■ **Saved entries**
----------
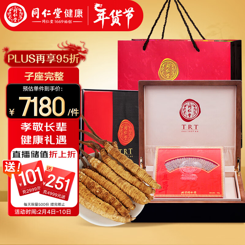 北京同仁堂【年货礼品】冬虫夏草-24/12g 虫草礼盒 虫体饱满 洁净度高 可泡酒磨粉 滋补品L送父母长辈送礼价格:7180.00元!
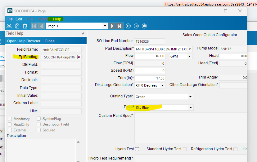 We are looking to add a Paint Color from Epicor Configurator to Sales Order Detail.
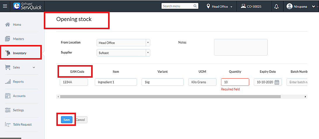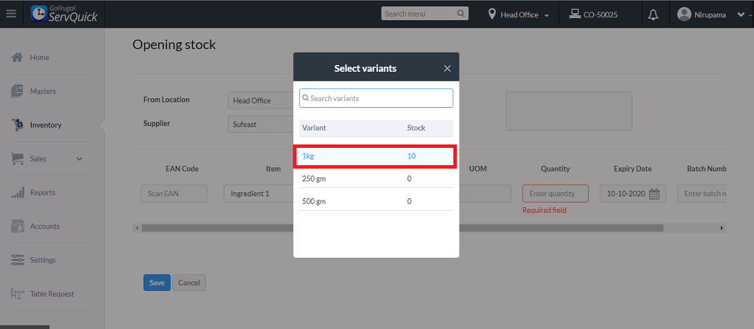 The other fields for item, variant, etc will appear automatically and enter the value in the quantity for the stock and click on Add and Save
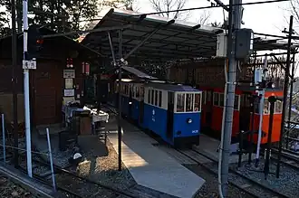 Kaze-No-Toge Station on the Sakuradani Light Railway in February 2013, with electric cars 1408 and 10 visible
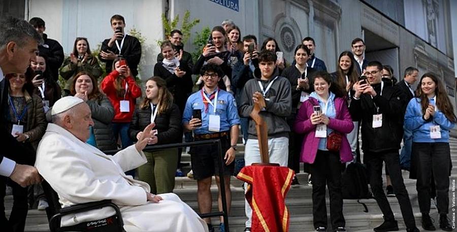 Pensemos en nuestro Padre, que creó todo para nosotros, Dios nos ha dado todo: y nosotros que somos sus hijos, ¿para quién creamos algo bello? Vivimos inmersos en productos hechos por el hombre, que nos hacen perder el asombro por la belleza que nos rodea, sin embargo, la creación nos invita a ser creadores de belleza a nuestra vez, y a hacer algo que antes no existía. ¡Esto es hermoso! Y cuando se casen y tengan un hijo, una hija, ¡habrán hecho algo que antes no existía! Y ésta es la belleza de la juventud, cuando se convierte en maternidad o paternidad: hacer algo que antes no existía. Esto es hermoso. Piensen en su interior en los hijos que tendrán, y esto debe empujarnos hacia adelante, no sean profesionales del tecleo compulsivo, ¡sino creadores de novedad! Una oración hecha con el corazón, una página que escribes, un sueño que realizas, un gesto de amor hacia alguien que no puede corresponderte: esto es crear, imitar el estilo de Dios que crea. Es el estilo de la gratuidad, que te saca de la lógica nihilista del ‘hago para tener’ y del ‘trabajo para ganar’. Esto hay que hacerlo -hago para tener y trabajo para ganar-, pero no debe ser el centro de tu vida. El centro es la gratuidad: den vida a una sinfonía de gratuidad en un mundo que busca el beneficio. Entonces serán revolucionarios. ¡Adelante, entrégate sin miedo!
----------
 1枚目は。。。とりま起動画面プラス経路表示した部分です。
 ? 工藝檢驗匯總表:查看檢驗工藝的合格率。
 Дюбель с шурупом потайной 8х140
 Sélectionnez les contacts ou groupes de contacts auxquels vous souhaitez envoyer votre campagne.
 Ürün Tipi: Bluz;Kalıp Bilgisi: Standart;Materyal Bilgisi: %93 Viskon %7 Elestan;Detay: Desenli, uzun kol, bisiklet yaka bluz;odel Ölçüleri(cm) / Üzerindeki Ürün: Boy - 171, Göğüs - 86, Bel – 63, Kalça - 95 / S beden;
----------
■ **WHAT THE TASK ASKS**
Reproduce exactly the section above that begins at the line containing "1枚目は。。。とりま起動画面プラス経路表示した部分です。" and ends at the line containing "Sélectionnez les contacts", leaving out all other lines.

■ **TASK RESULT**
 1枚目は。。。とりま起動画面プラス経路表示した部分です。
 ? 工藝檢驗匯總表:查看檢驗工藝的合格率。
 Дюбель с шурупом потайной 8х140
 Sélectionnez les contacts ou groupes de contacts auxquels vous souhaitez envoyer votre campagne.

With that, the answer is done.